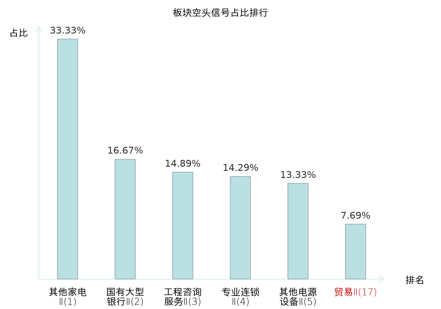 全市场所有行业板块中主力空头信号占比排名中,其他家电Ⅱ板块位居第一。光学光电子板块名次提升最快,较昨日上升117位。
================================
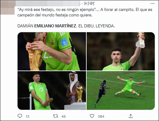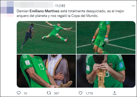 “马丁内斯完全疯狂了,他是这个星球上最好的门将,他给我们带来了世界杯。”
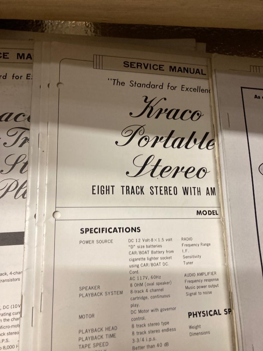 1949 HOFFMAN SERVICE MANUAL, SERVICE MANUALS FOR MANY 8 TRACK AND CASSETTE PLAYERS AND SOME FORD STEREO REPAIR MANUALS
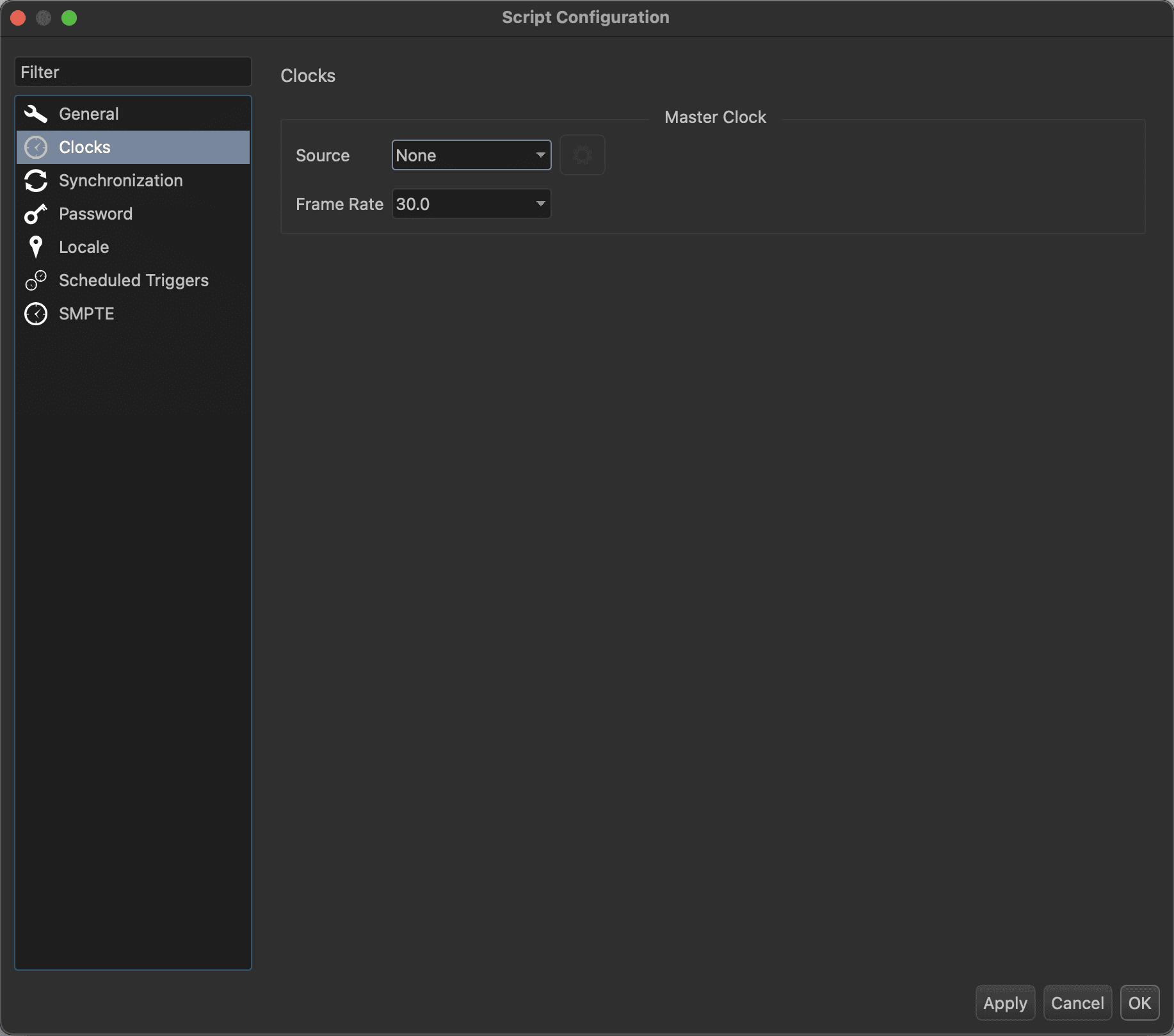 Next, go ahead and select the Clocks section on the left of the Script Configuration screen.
================================
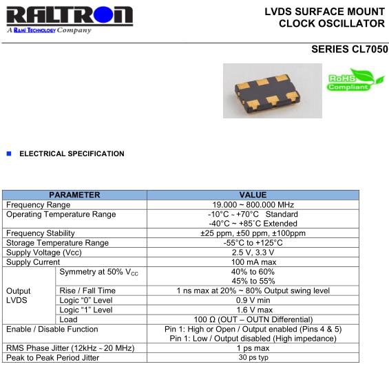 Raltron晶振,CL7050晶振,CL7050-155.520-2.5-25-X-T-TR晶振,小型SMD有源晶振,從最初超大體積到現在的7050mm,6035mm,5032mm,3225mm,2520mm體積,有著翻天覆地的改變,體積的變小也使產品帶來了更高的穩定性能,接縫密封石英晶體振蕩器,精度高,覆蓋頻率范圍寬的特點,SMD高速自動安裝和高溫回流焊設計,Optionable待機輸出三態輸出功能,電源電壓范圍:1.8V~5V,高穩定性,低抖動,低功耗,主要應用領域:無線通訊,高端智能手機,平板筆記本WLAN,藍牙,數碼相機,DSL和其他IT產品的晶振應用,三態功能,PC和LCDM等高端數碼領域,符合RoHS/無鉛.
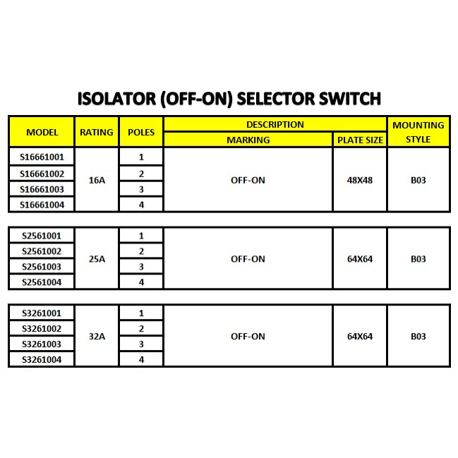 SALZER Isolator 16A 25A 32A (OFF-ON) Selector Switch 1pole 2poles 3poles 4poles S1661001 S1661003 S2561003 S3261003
================================
Print the part of the listing above that opens with the line containing "Raltron晶振,CL70" and closes with the line containing "SALZER Isolator 16A". Copy it exactly, both ends included, and omit the pictures.

> [Answer to this problem]
 Raltron晶振,CL7050晶振,CL7050-155.520-2.5-25-X-T-TR晶振,小型SMD有源晶振,從最初超大體積到現在的7050mm,6035mm,5032mm,3225mm,2520mm體積,有著翻天覆地的改變,體積的變小也使產品帶來了更高的穩定性能,接縫密封石英晶體振蕩器,精度高,覆蓋頻率范圍寬的特點,SMD高速自動安裝和高溫回流焊設計,Optionable待機輸出三態輸出功能,電源電壓范圍:1.8V~5V,高穩定性,低抖動,低功耗,主要應用領域:無線通訊,高端智能手機,平板筆記本WLAN,藍牙,數碼相機,DSL和其他IT產品的晶振應用,三態功能,PC和LCDM等高端數碼領域,符合RoHS/無鉛.
 SALZER Isolator 16A 25A 32A (OFF-ON) Selector Switch 1pole 2poles 3poles 4poles S1661001 S1661003 S2561003 S3261003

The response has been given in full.